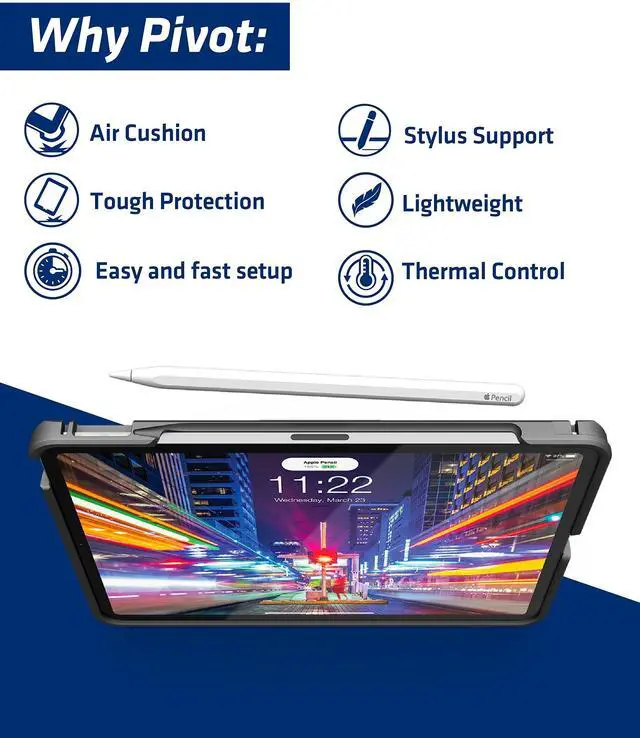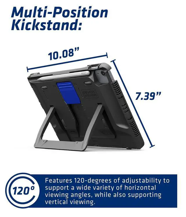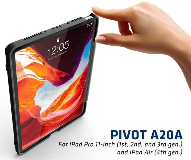 The PIVOT A20A is an elegant, robust case designed specifically to accommodate the key features of iPad Air (4th gen. ) iPad Air (5th gen), and iPad Pro 11-inch (3rd gen) while maintaining full compatibility with the iPad Pro 11-inch 1st and 2nd gen. With numerous enhancements, this is the best PIVOT case yet. It offers unbeatable 360-degree protection from drops, impacts, and scratches, while the detachable PIVOT Screen Cover provides superior screen protection in transit and while connected to any PIVOT mount. The improved 2nd generation PIVOT Kickstand is reinforced with internal ribs for maximum strength and durability and provides 120-degrees of adjustability to support a wide range of viewing angles.
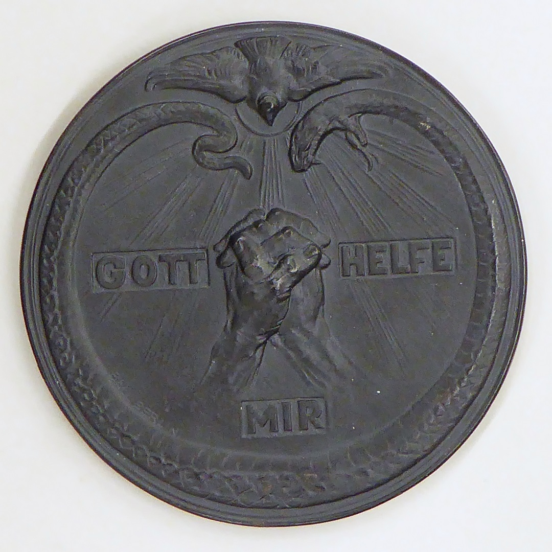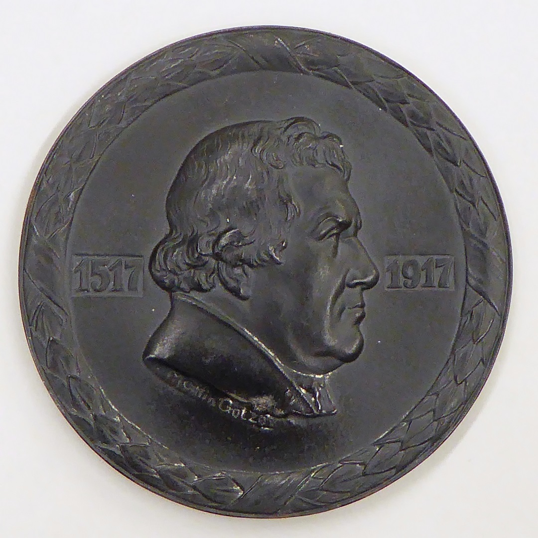 Penning met portret Luther, jaartallen 1517-1917, kz. ineengeslagen handen in cirkel van slang, duif
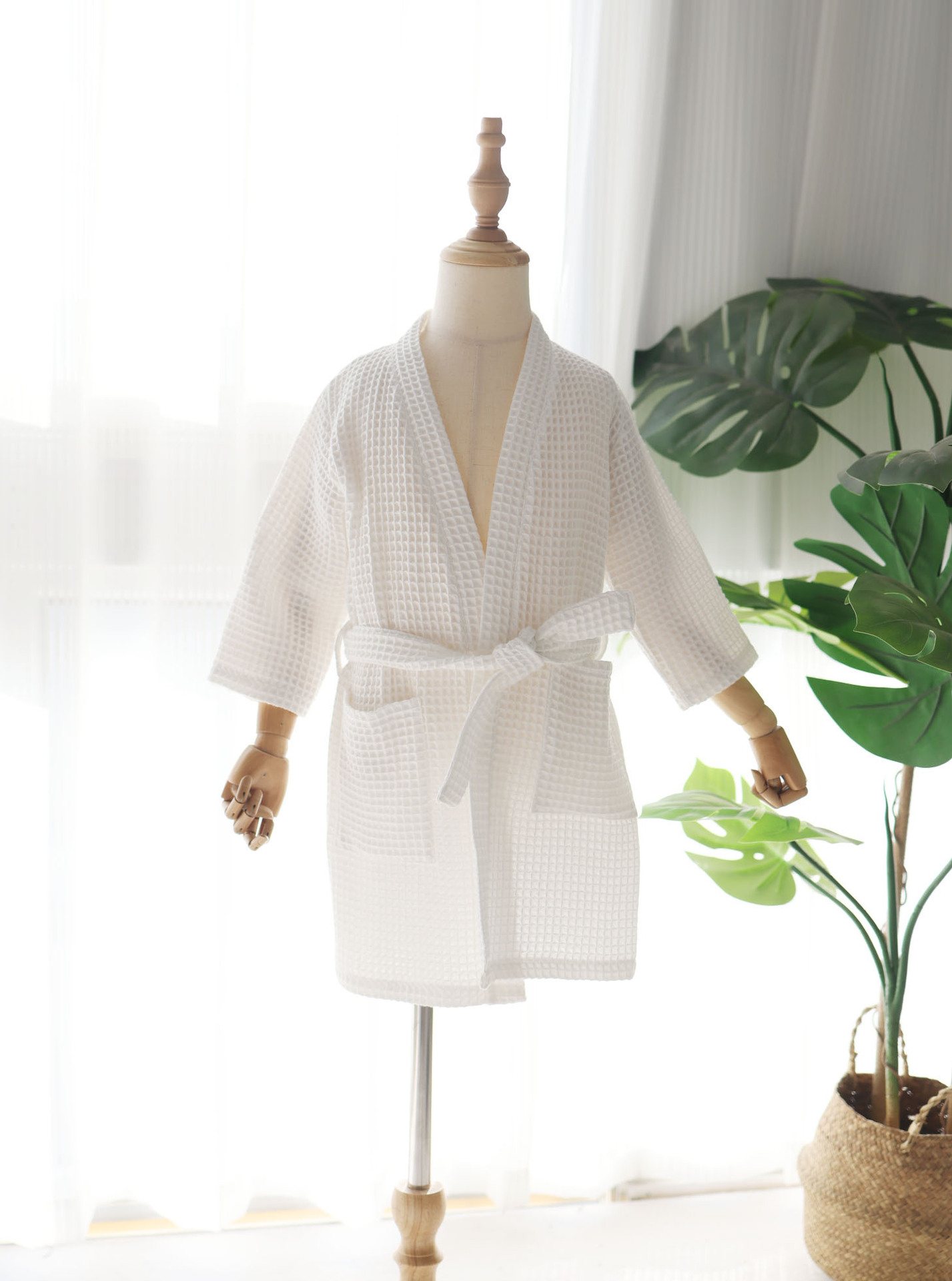 Хлопковый детский халат Тонкий вафельный впитывающий купальный халат Пижама с капюшоном для маленьких мальчиков и девочек

**Directions:**
Please give back every line above exactly as it stands, without pictures.

**Result of this task:**
 The PIVOT A20A is an elegant, robust case designed specifically to accommodate the key features of iPad Air (4th gen. ) iPad Air (5th gen), and iPad Pro 11-inch (3rd gen) while maintaining full compatibility with the iPad Pro 11-inch 1st and 2nd gen. With numerous enhancements, this is the best PIVOT case yet. It offers unbeatable 360-degree protection from drops, impacts, and scratches, while the detachable PIVOT Screen Cover provides superior screen protection in transit and while connected to any PIVOT mount. The improved 2nd generation PIVOT Kickstand is reinforced with internal ribs for maximum strength and durability and provides 120-degrees of adjustability to support a wide range of viewing angles.
 Penning met portret Luther, jaartallen 1517-1917, kz. ineengeslagen handen in cirkel van slang, duif
 Хлопковый детский халат Тонкий вафельный впитывающий купальный халат Пижама с капюшоном для маленьких мальчиков и девочек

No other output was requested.